Tia Clarke is the Youth Coordinator and Project Manager at Ko Te Tuara Totara o Fordlands in Rotorua. Also known as the Fordlands Community Centre, it’s an organisation with a decade long record of energetic and proactive work with whānau in need of support.
Tia stumbled on the E Tū Whānau kauapapa during a chance meeting with its kaiwhakahaere, Ann Dysart. Ann invited her and fellow members of the Fordlands Rangatahi Collective to attend the E Tū Whānau PALMS Rangatahi Symposium, held in their home town at the end of July.
The experience, she says, opened her eyes.
“We were there with young people from all kinds of backgrounds and communities. Just being there, making connections and talking with people opened my eyes to the issues different communities face and the solutions many had found. We shared so much. It was fantastic!”
Teina and tuakana
The Fordlands Rangatahi Collective is a 20-strong group of volunteers aged 16 and over who work in a teina-tuakana relationship with other young people in their community and gain important employment skills at the same time. Together they run a free lunch scheme and coach lunchtime sporting activities at their local school, Sunset Primary.
Those who are not attending school themselves come into Fordlands Community Centre three days a week to prepare the lunches. In return, the school gives them an opportunity to develop their leadership and mentoring skills by supervising the sporting activities. Tia, their only paid worker, co-ordinates everything.

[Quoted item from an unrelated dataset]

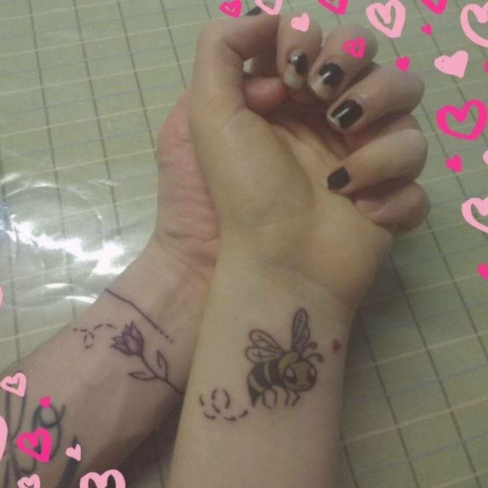 Love u😍🖤 #bee #flower #love #matchingtattoos #handpoke

“We supervise a variety of sports like, soccer, touch or rugby, and pick two to focus on each month. We also have relay sack races on Wednesdays and, if the weather is a bit wet, we’ll go into the school hall and play traditional Māori games.”
The ‘win-win arrangement’ is part of the community centre’s strategy of providing whānau with alternative educational opportunities and career pathways. It’s already paying off.
Making a difference
Stormy Storney is the Fordlands Community Centre Office manager. She is also responsible for its kura programme which supports adults to as well as young people.
“We help whānau take advantage of any educational opportunities that will help them find employment. It’s hard to get work around here but this programme is making a difference.”
Just one month ago, for example, three members of the rangatahi collective left Fordlands to take up job offers in Auckland.
“They were confident enough to leave their comfort zone, the hometown that they thought they’d be in for the rest of their lives, and step out into the big wide world,” says Stormy.
Sense of purpose
“After all, that’s why we created the rangatahi collective in the first place. We wanted our rangatahi to develop a better sense of purpose in life. We want them to know that there is a lot of exciting things out there for them, that we are there to support them and remind them that they’re not alone.”
Stormy and Tia know only too well what they’re up against.
“Yeah,” says Tia, “Our community has its problems – low incomes, unemployment, domestic violence etc – but we face them and work to address them. When I talked to others at the PALMS Symposium, I realised that our community isn’t the only one suffering.”
She’s quick to acknowledge how much she learnt at the PALMS Symposium but is equally confident that her ideas and the vision she and her colleagues in the Fordlands Rangatahi Collective have for a healthy future are equally valid.
“My thing is that if, for whatever reason, adults can’t help their youth, then why not start with the youth themselves. Unfortunately, for some adults it might be too late to change, but it’s never too late for our kids.
“If we as young people can show leadership, if we can make these positive changes, then the next generation will be better people and know that they have a better future.”